Data below:

□ □ □ □ □ □ □

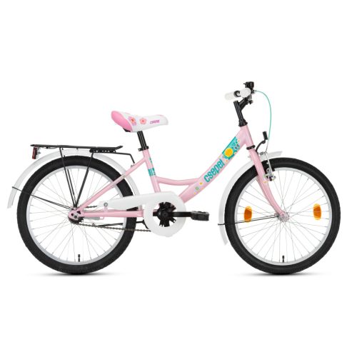 Csepel gyermek kerékpár 20 colos méretben kezdő gyerekeknek, akik biztonságos és kényelmes biciklizést keresnek rózsaszín virágmintával díszítve.
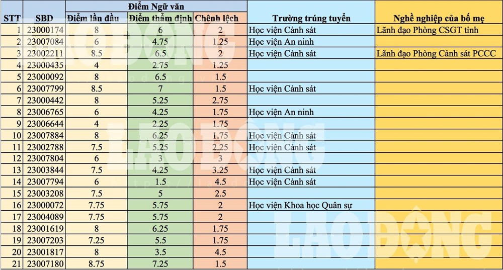 Kết quả xác minh của Báo Lao Động cho thấy nhiều em trong số này đã trúng tuyển vào các trường công an nhân dân. Trong đó, điểm môn Ngữ văn của thí sinh T.Đ.C (SBD 23007794) được nâng từ 1,5 lên 6 điểm (tăng 4,5 điểm) đã trúng tuyển vào Học viện Cảnh sát. Thí sinh C còn được nâng Toán 2,8 lên 8,2; môn Sử 2,75 lên 8,5. Tổng số điểm được nâng là 10,2 điểm.
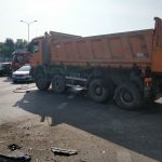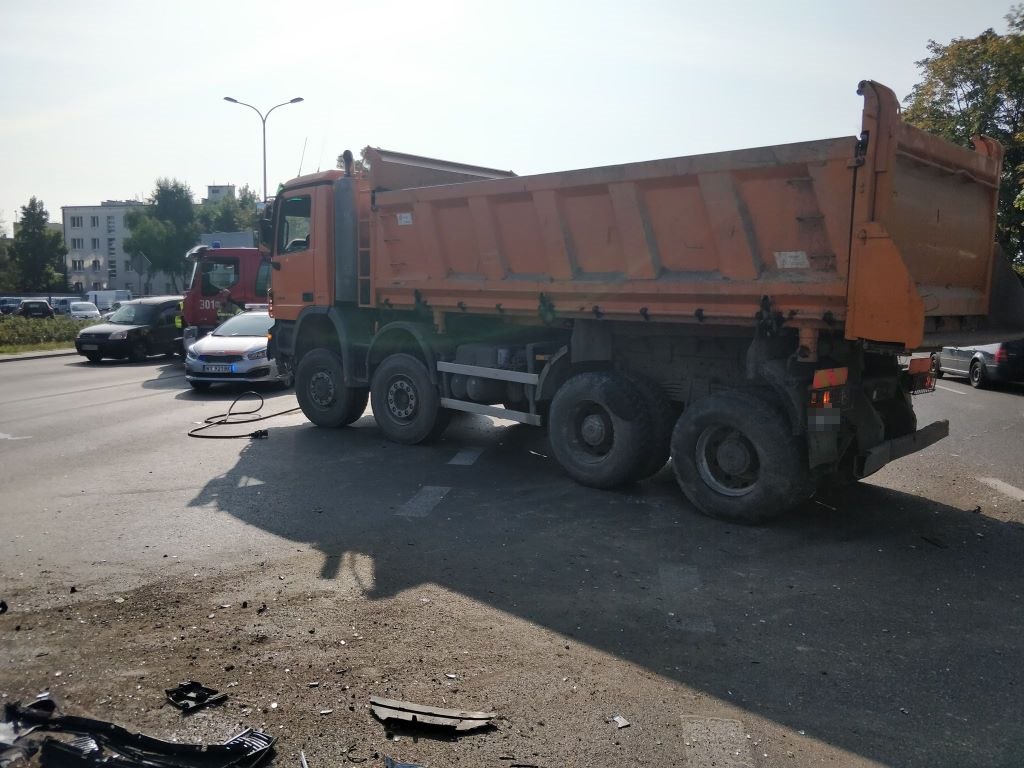 Poważne zderzenie ciężarówki z dwoma osobówkami. Jagiellońska całkowicie nieprzejezdna
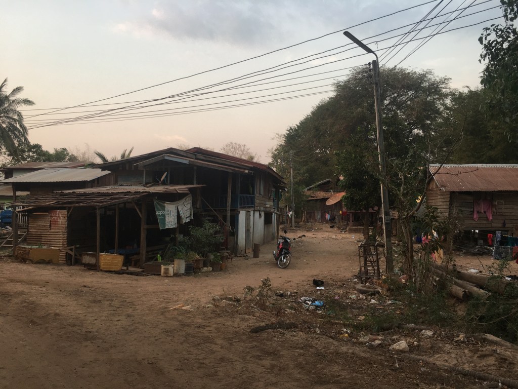 Alors pour compenser, je suis allée me balader au bord du Mékong, j’ai pu voir un quartier que je ne connaissais pas, les gens y vivent très pauvrement et ont dû prendre de plein fouet la crue de septembre. C’était visiblement l’heure de l’apéro, il y a fait des groupes de vieux (pas de femmes) toutes les 2 ou 3 maisons, assis autour d’une table à siroter de la bière ou un alcool chelou dans une bouteille d’eau avec des bêtes à l’intérieur, je n’ai pas osé les prendre en photo…

□ □ □ □ □ □ □

What you should do: Would you copy, exactly, each line from the start of the listing above through the line with "Poważne zderzenie ciężarówki", both ends included, but none of the pictures?

Result:
 Csepel gyermek kerékpár 20 colos méretben kezdő gyerekeknek, akik biztonságos és kényelmes biciklizést keresnek rózsaszín virágmintával díszítve.
 Kết quả xác minh của Báo Lao Động cho thấy nhiều em trong số này đã trúng tuyển vào các trường công an nhân dân. Trong đó, điểm môn Ngữ văn của thí sinh T.Đ.C (SBD 23007794) được nâng từ 1,5 lên 6 điểm (tăng 4,5 điểm) đã trúng tuyển vào Học viện Cảnh sát. Thí sinh C còn được nâng Toán 2,8 lên 8,2; môn Sử 2,75 lên 8,5. Tổng số điểm được nâng là 10,2 điểm.
 Poważne zderzenie ciężarówki z dwoma osobówkami. Jagiellońska całkowicie nieprzejezdna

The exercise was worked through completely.